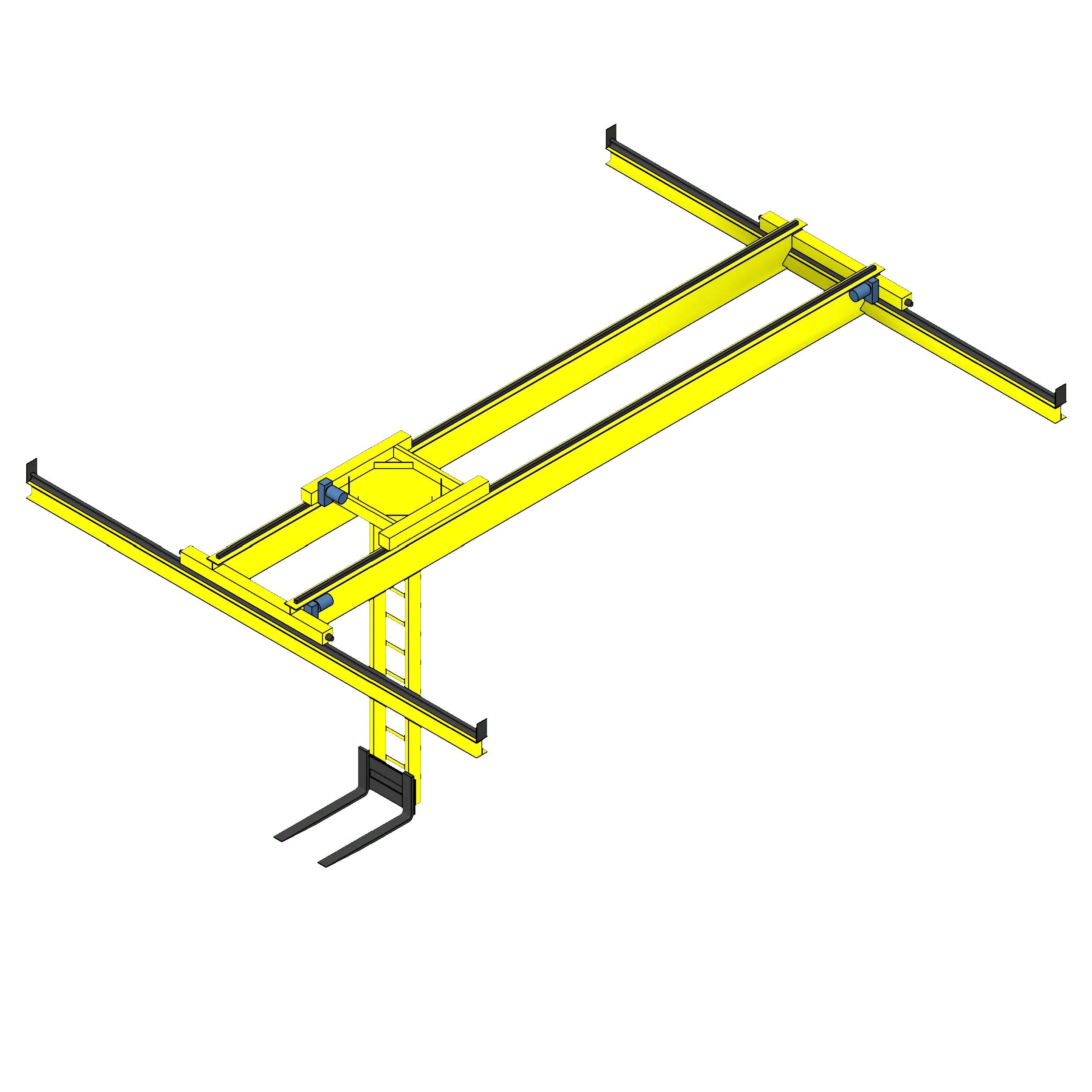 This family is intended to be used with the Modular Pallet Rack family, as the gantry is designed to sit directly on top of the rack. To use this family, insert it into your project from the Fetch app and click to place it in your project. The easy-to-use parameters are in the properties window while the family is selected. Use the parameters to choose your desired pallet size, number of bays, and shelving height to automatically size the system to fit your shelving configuration. Use the align tool to snap the shelving units to the strong references in the gantry family to ensure proper aisle spacing. The maximum capacity can be adjusted using the ENTER_Max Capacity Number parameter and will automatically scale to the capacity limits set.
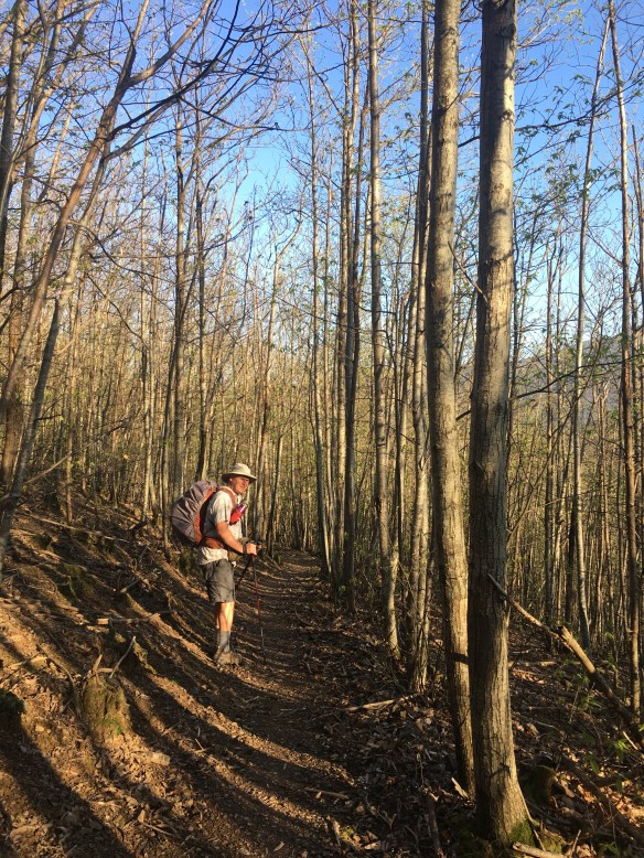 In one very step ascent in the forest, there was a switchback trail that was perfectly hidden. As a result Melanie and I continued straight a few hundred meters further before wondering why we didn’t see any more blazes. After checking the GPS, we realized our error, turned around and managed to stop the French couple, Daniel and Anna-Marie, from making the same mistake. That was the only place we wasted a step today.
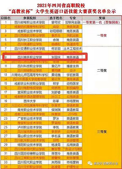 4月29日,2021四川省高职院校“高教社杯”大学生英语口语技能大赛在成都纺织高等专科学校举行,万象城经济贸易系商务英语专业学子刘国庆代表万象城参赛,最终获得四川省省级二等奖。
____________
§ What to work on: Could you retype every line above exactly as it appears, skipping the pictures?

§ Response area:
 This family is intended to be used with the Modular Pallet Rack family, as the gantry is designed to sit directly on top of the rack. To use this family, insert it into your project from the Fetch app and click to place it in your project. The easy-to-use parameters are in the properties window while the family is selected. Use the parameters to choose your desired pallet size, number of bays, and shelving height to automatically size the system to fit your shelving configuration. Use the align tool to snap the shelving units to the strong references in the gantry family to ensure proper aisle spacing. The maximum capacity can be adjusted using the ENTER_Max Capacity Number parameter and will automatically scale to the capacity limits set.
 In one very step ascent in the forest, there was a switchback trail that was perfectly hidden. As a result Melanie and I continued straight a few hundred meters further before wondering why we didn’t see any more blazes. After checking the GPS, we realized our error, turned around and managed to stop the French couple, Daniel and Anna-Marie, from making the same mistake. That was the only place we wasted a step today.
 4月29日,2021四川省高职院校“高教社杯”大学生英语口语技能大赛在成都纺织高等专科学校举行,万象城经济贸易系商务英语专业学子刘国庆代表万象城参赛,最终获得四川省省级二等奖。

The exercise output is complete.